Jelly Bean, on the other hand, has needed the structure of school. Or to be more clear, she has needed to see the behavior of lots of children her age and see how most of the children are acting. And the structure too. Jelly Bean doesn't do well with "Oh, we'll just hang out and see how the day goes." That's a recipe for disaster for her. She attended the same Pre-K program Flower did, but she attended because she had boundary issues. She was either overly violent, or overly affectionate. By the time she went to kindergarten, her behavior was better, but not great. She had the same Kindy teacher (We love Mrs. B!) as Flower. It was a great fit, not because Jelly Bean needed the same things as Flower, but because Mrs. B is just such a great teacher and knew what would help Jelly Bean the most. By the end of Kindy, Jelly Bean was doing really well. Flower was just finishing 2nd grade, and we had decided to homeschool her. I was afraid if we didn't homeschool her, she would begin to associate her negative experience with school with learning, and I didn't want that to happen. And since I had been teaching preschool at home for years, it didn't seem like a stretch to homeschool.

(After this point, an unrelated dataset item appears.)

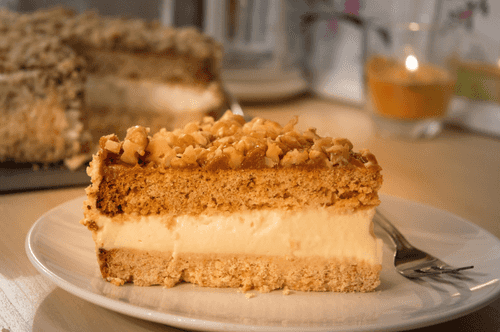 Heat the boiled condensed milk in a water bath so you can easily spread it on the top layer. Finally, sprinkle the pie with walnuts to taste.
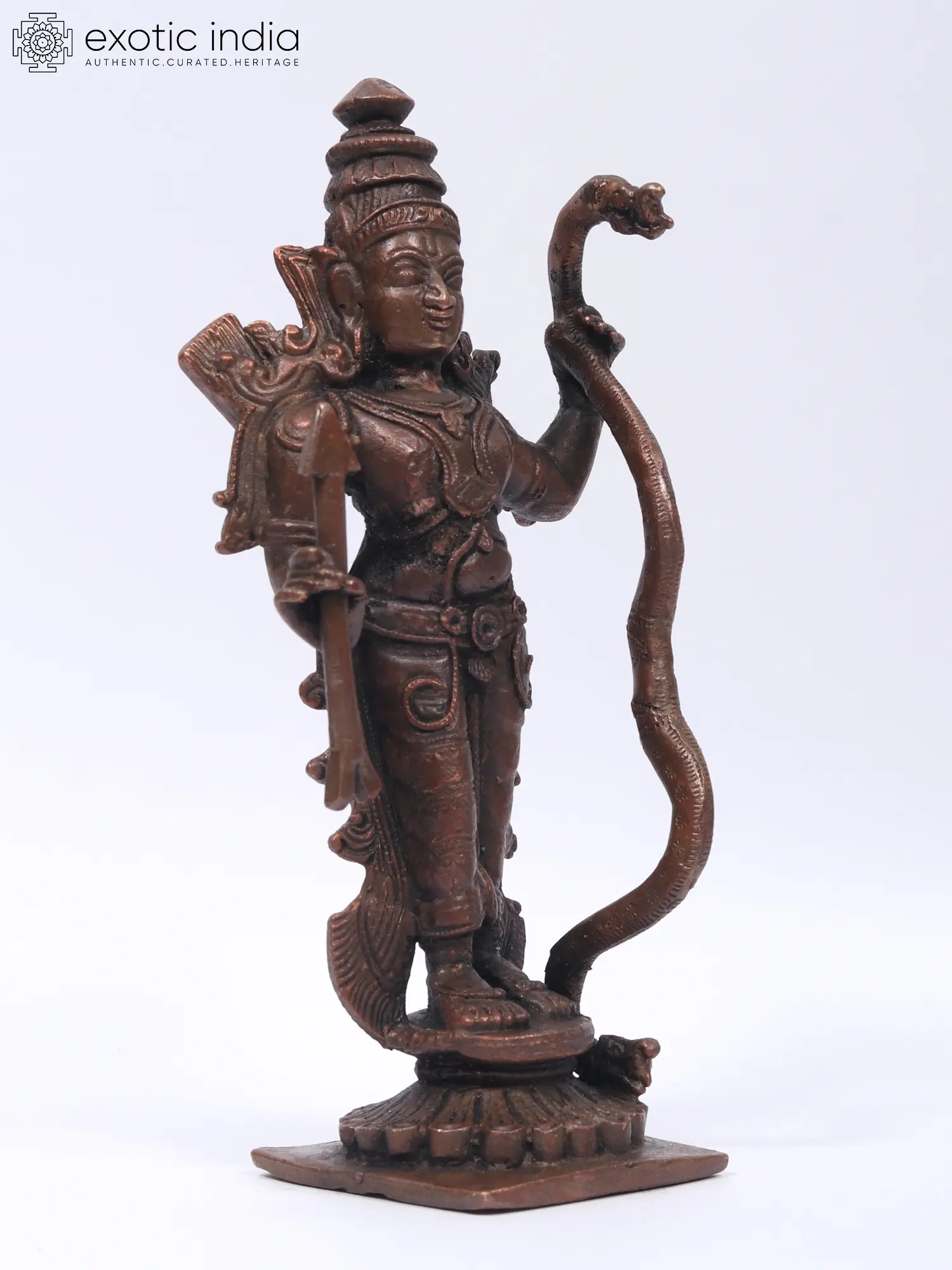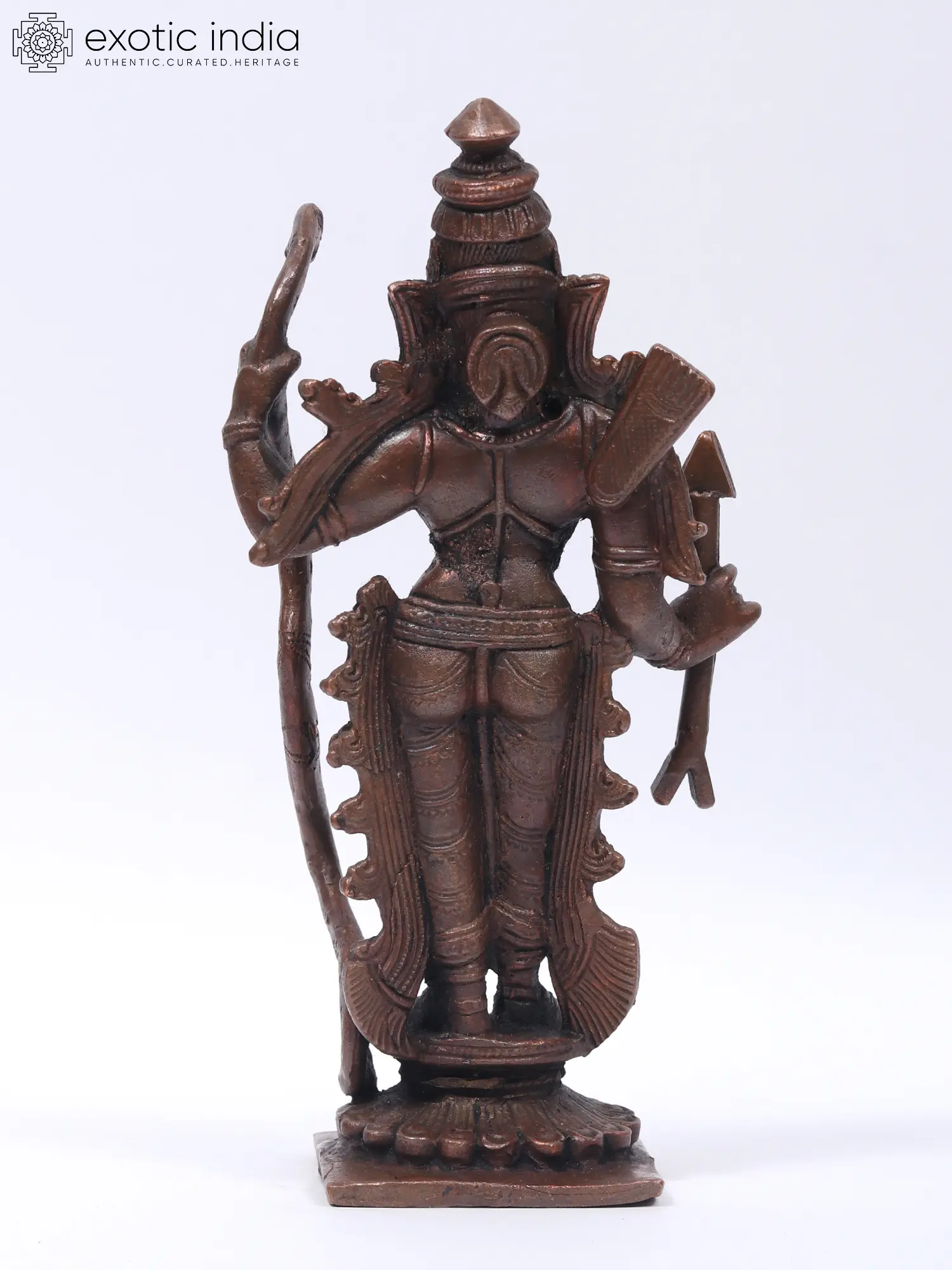 Crafted in shimmering copper, this Small Standing Lord Rama statue emanates elegance and power. With delicate precision, Lord Rama is depicted in a Tribhanga or three-fold standing posture, holding his iconic bow and arrow, Kodanda.

So we talked about it and talked about it. And we decided that for 1st grade, it would be best to have Jelly Bean stay at school, and Flower to come home. But that we would discuss it at the end of the year and decide what we wanted to do for 2nd and 4th grade.
So here we are - it is July, and Jelly Bean is most likely going to do 2nd grade at home. Jelly Bean really wants to do it. I think that she is capable of it now, and that she will enjoy being able to study things that she wouldn't be able to at school, but we will still provide her with enough structure so that she will feel comfortable. Flower will also do 4th grade at home. She has made great strides with her behaviors, but I feel that she still needs one more year at home. Super is attending preschool here in the mornings, and attends the Pre-K program in the afternoon. He will go to Kindergarten at the elementary school, and most likely, will return home after that.
But I always try and remember when I am making decisions about homeschooling - Do The Best Thing For Each Child. It May Be Different For Each Child. And Decisions Will Be Made On A Year To Year Basis.